Build a Natural Swimming Pool

Build a Natural Swimming Pool

Build a Natural Swimming Pool

How to Build a Natural Swimming Pool

From Mother Earth News

Douglas Buege and Vicky Uhland explain how to build a natural swimming pool on your homestead, includes information on pool zoning, natural filtration, sealing the pool and algae control.

One of the most interesting developments in the swimming pool industry over the last two decades has been the development of the natural swimming pool.  Sometimes referred to as a swimming pond, these bodies of water utilize natural materials and no chemicals for filtration.  For some, this natural experience harkens back to their youth, swimming in the lake or pond.  For others, the experience of swimming with fish and natural plans along with the associated bio film is too foreign to handle.  Either way, this post from Mother Earth News is an interesting treatise on how to build one of these fascinating projects.

Here is an excerpt from the post:

Learn how to build a natural swimming pool in order to create a cooling summer retreat for your homestead.

Whether you like to practice your dolphin dives or lounge away the day on a raft, swimming is one of summer’s perfect pleasures. With a minimum of materials and without an arsenal of chemicals, you can build an idyllic water oasis right in your own back yard and thwart summertime’s sultry dog days.
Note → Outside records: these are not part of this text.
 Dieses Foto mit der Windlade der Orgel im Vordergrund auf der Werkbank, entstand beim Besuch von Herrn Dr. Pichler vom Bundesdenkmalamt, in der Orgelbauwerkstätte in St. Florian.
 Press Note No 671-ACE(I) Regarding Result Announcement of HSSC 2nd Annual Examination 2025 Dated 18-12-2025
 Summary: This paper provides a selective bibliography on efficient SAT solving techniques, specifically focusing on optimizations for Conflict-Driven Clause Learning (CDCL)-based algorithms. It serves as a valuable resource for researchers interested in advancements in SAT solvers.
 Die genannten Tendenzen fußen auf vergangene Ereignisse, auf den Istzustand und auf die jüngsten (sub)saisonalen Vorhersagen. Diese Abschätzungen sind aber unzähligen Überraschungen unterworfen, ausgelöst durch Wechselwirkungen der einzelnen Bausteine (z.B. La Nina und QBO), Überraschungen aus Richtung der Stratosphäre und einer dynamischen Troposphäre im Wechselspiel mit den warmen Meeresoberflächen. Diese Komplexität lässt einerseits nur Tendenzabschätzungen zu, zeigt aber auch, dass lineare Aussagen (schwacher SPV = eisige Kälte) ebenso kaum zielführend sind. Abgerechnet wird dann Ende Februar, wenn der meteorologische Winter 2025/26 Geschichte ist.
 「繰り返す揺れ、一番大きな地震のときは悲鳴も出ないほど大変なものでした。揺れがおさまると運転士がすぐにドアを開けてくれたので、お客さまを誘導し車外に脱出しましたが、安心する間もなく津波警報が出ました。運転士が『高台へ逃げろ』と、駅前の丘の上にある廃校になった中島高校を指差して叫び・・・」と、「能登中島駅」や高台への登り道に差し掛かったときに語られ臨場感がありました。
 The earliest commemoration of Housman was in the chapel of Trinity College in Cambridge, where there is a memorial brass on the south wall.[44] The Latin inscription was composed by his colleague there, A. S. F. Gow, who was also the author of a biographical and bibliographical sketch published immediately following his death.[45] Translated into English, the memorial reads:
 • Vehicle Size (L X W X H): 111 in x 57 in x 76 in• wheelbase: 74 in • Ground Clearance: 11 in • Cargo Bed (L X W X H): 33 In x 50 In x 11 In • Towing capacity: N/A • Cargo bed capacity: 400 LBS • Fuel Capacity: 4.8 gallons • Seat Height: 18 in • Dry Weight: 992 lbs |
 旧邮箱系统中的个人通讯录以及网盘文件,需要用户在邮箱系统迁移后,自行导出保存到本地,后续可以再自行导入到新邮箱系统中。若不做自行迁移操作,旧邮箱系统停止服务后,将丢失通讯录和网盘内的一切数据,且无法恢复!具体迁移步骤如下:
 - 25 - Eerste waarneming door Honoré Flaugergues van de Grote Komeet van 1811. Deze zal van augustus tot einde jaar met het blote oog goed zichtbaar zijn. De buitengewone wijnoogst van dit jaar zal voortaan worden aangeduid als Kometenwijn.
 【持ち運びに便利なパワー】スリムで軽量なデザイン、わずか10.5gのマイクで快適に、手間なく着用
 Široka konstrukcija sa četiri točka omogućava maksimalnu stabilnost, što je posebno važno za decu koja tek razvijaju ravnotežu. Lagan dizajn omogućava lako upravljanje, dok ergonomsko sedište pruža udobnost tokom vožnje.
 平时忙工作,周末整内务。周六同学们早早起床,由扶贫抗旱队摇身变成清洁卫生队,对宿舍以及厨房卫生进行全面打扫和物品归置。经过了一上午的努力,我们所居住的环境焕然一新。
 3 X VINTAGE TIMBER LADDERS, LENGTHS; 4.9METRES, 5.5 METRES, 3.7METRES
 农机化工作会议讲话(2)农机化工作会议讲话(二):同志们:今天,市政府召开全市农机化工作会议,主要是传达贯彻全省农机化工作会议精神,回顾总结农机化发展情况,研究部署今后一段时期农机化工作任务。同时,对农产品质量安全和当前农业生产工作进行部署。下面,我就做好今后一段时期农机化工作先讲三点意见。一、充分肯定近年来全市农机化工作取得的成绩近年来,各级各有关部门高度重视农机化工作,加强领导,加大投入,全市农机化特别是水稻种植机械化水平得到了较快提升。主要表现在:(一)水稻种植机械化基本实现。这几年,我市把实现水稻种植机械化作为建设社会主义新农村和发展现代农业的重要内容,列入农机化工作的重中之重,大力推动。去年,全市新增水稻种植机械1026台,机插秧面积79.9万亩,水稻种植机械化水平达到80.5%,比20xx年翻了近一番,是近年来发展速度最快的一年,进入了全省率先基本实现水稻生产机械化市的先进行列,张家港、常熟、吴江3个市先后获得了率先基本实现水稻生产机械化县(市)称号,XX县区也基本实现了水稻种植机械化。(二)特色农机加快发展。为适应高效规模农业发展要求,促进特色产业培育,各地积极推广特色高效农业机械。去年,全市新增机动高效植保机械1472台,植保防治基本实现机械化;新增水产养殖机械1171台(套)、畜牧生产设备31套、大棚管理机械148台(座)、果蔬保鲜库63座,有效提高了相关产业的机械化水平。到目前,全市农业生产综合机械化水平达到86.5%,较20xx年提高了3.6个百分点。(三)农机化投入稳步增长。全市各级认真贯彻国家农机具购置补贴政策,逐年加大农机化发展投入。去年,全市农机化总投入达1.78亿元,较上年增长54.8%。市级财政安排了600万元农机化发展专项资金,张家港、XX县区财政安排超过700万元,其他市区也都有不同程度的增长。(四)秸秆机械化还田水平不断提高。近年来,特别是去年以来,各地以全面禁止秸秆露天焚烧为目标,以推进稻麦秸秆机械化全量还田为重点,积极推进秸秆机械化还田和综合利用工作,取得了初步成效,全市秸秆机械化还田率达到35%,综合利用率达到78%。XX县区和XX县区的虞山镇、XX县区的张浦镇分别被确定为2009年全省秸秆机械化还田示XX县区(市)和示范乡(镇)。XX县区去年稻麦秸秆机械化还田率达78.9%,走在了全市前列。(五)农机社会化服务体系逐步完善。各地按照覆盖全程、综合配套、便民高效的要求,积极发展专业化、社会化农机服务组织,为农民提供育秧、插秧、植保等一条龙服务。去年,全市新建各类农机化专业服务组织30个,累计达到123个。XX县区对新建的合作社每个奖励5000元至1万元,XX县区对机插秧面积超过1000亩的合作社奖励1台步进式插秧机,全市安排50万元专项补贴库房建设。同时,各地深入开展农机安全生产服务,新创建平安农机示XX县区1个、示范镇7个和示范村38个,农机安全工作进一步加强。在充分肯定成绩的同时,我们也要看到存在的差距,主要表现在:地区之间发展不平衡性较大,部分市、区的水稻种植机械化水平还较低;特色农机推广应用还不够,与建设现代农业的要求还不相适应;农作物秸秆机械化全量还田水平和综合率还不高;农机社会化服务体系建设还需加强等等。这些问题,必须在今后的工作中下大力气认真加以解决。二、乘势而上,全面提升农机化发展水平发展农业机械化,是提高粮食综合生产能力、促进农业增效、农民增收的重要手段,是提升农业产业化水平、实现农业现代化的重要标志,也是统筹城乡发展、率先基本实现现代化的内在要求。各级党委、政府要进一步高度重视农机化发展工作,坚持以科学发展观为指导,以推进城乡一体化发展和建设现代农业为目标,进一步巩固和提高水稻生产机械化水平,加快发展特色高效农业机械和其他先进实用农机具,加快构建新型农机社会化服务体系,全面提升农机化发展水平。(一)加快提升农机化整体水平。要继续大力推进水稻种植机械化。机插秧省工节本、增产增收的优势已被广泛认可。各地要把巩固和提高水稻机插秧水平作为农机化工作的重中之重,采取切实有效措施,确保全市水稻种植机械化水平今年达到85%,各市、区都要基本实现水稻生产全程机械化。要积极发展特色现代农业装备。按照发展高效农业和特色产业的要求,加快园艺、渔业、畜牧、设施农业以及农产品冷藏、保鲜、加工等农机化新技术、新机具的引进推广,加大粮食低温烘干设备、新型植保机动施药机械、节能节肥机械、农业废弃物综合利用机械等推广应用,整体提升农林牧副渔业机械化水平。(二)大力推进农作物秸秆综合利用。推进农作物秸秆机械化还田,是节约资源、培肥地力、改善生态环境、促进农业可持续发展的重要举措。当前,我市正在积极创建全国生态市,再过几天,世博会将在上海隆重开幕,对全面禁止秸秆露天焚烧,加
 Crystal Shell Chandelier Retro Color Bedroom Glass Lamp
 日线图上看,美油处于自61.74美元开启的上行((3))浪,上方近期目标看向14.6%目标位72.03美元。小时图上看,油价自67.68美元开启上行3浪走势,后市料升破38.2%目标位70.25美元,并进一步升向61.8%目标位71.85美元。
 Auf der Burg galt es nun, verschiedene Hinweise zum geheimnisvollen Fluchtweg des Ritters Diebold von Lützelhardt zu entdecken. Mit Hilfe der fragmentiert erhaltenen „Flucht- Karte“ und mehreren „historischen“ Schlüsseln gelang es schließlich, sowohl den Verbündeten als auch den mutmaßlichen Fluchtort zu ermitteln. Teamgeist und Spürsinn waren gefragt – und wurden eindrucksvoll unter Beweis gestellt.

Though fairly common in Europe, natural swimming pools (like the one pictured above in an Austrian family’s backyard), are in their infancy in the United States. Ask most American swimming-pool contractors to build a backyard pool and chances are they’ll roll out a long list of goods, including rebar, gunite, fiberglass, chlorine and an energy-sapping filtration system. But in recent years, a few builders and a growing number of homeowners have learned how to build pools without relying on a mass of manufactured materials and chemical additives. They’ve found it’s possible to construct pools that are more about building with nature and blending into the natural landscape. Natural swimming pools use gravel stone and clay in place of concrete or fiberglass, and aquatic plants instead of harmful chemicals and complicated mechanical filtering systems. The plants enrich the pool with oxygen, support beneficial bacteria that consume debris and potentially harmful organisms, and give habitat to frogs, dragonflies and other water life. The result is a beautiful, ecologically diverse system that is relatively inexpensive to construct. (A natural pool can he constructed for as little as $2,000 if you do it yourself, while conventional pools can cost tens of thousands of dollars.) Natural swimming pools require no harmful chemicals, are fairly low-tech, and once established call for only a modicum of management. You won’t have to drain the pool each autumn. Except for topping it off now and then, you’ll fill the pool only once.